I've dogeared one page in my copy of Galway Kinnell's The Book of Nightmares just so I can find my way back to these three lines I treasure:
Can it ever be true—
all bodies, one body, one light
made of everyone's darkness together?
How does a poet make a phrase interesting? This is entirely a question of the poet's craft, the things a writer says yes or no to to create a quality product.
The best place to start, in my opinion, is with technicalities.
The lines expand gracefully in length: six syllables in the first, eight in the second, ten in the last. It's visually elegant. Letters and punctuation accumulate gradually to give a feeling of order and conclusiveness despite the ending question mark.

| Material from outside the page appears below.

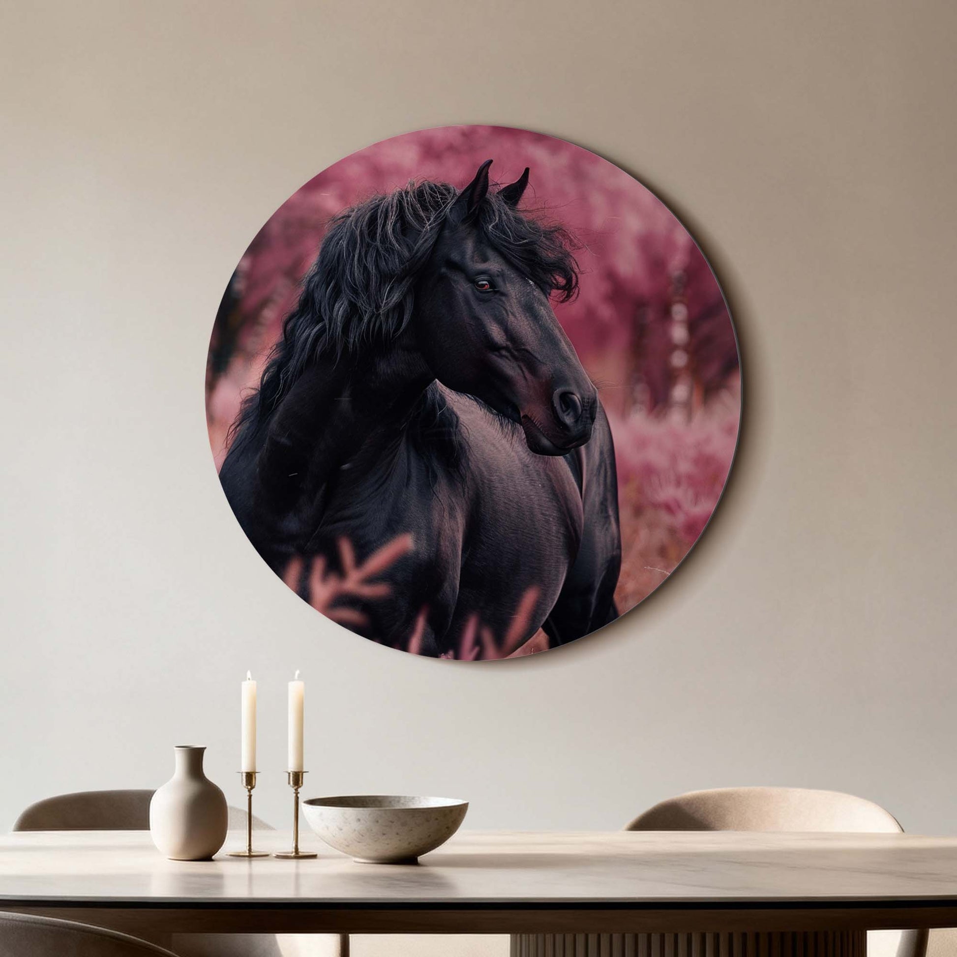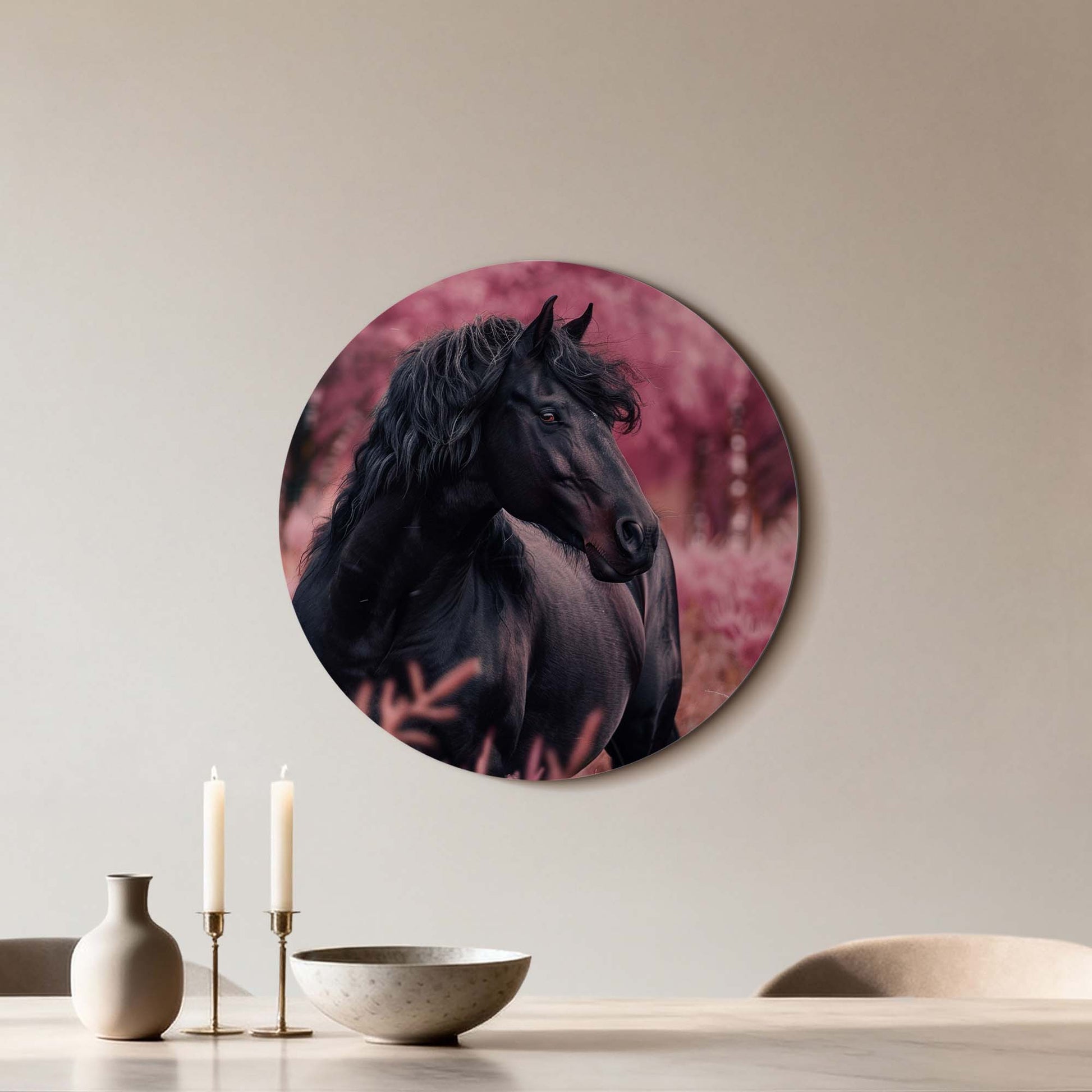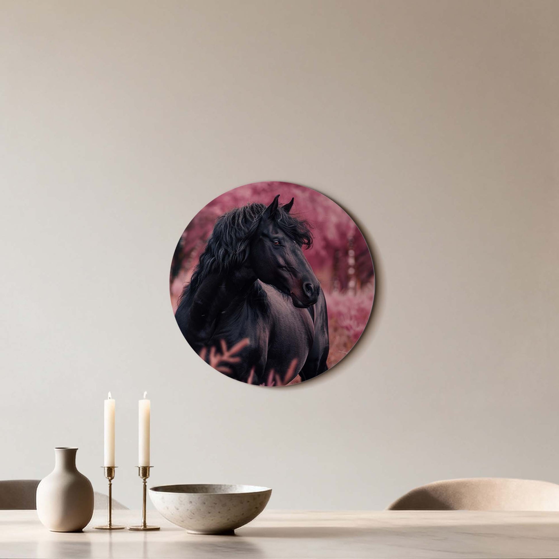 Velvet Spirit toont de kracht en elegantie van een zwart paard in een magisch roze landschap. Een betoverende muurcirkel die rust, mystiek en verfijning samenbrengt in één tijdloos kunstwerk.
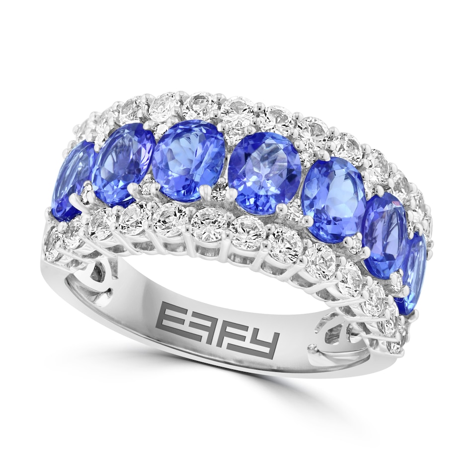 Add some bedazzling sparkle and shimmer to finish every look with this diamond, tanzanite and sapphire gold ring from EFFY.

Over only sixteen words Kinnell paints with a wide range of vowel sounds: Can, all / dark- / bodies / body, made, ever / every-, be, it, light, one / of / -one's, to- / true. Feel those sounds resonate in your mouth and in your throat. It's refreshing.
Likewise there's a great variety of consonants, from the initial velar plosive "Can" to the labial-dental rhythm of "bodies"/"body" to the endlessly repeatable "darkness together". "Darkness together": feel the sound move from the front of your mouth to the back, popping on the "d" and the "g". Feel your tongue slide pull back in your mouth when you say "-ther".
(If you're not familiar with phonological terms there's a very handy chart in the Wikipedia article for English phonology.)
Most of a poem's attractiveness, for me, comes down to how it feels in my mouth. But what about the philosophical or spiritual content? Technical proficiency is what it takes to get my attention: now I need the poet to use that privileged position for some good end.
And really, I'm less sure about the spiritual value of these lines than I am of their technical quality. I like their irrationality:
...one light / made of everyone's darkness together?
Rationally speaking, light cannot be made of darkness. A thing cannot be composed of its opposite. Nor can all bodies be one body. So I guess the answer to the poetic speaker's question is a solid No.
So what's the use of asking in the first place? If the question contains its own answer — goes out of its way to provide evidence against itself — what's the use of writing it down? Is it just nonsense?
Well, yes, of course its nonsense. But then nonsense is a powerful and important thing. Poetry can explore the crucial ground between the writable and the readable. A poet can write for the imagination what cannot be read by reason. In encountering the impossible we see the real boundaries of possibility. By making us feel unfamiliar in language we see more clearly that illusive boundary where our fabricated reality ends and existence begins.
Then again maybe it can be true, from a certain point of view. When are all bodies one body? When is light actually a form of darkness?
In dreams, of course.
In dreams all bodies are the body of the dreamer. In dreams light isn't even light but an illusion made from the darkness of sleep. The dream the self made visible, darkness made visible.
Is Kinnell alluding to Paradise Lost here, to the famous scene in which Satan surveys hell for the first time?
At once as far as Angels kenn he views
The dismal Situation waste and wilde,
A Dungeon horrible, on all sides round
As one great Furnace flam'd, yet from those flames
No light, but rather darkness visible
Serv'd onely to discover sights of woe,
Regions of sorrow, doleful shades, where peace
And rest can never dwell, hope never comes
That comes to all; but torture without end
Still urges, and a fiery Deluge, fed
With ever-burning Sulphur unconsum'd.
Perhaps in the nightmare of total-self that is dreaming Kinnell's vision is possible. Can it ever be true? Yes, it can.
If I were really interested in getting down to the bottom of what these three lines mean then the obvious thing to do would be to read them in the context of the full poem.
But I don't like the rest of the poem.
Nothing against Galway Kinnell. His poetry just doesn't do much for me. For me, probably for the rest of my life, these lines of Kinnell's will just remain a bit of gorgeous nonsense that I return to every few years. I'll think about them for a little while and then put them back on the shelf. They're a playroom for my imagination. That's all.
And that's OK. Not all poems need to be all things to all people. As readers and as writers it's important to remember that we can love things in part, that we can take joy and strength and wisdom from the little bit of good in something we find otherwise unremarkable.
The world is big and life is short: love creatively.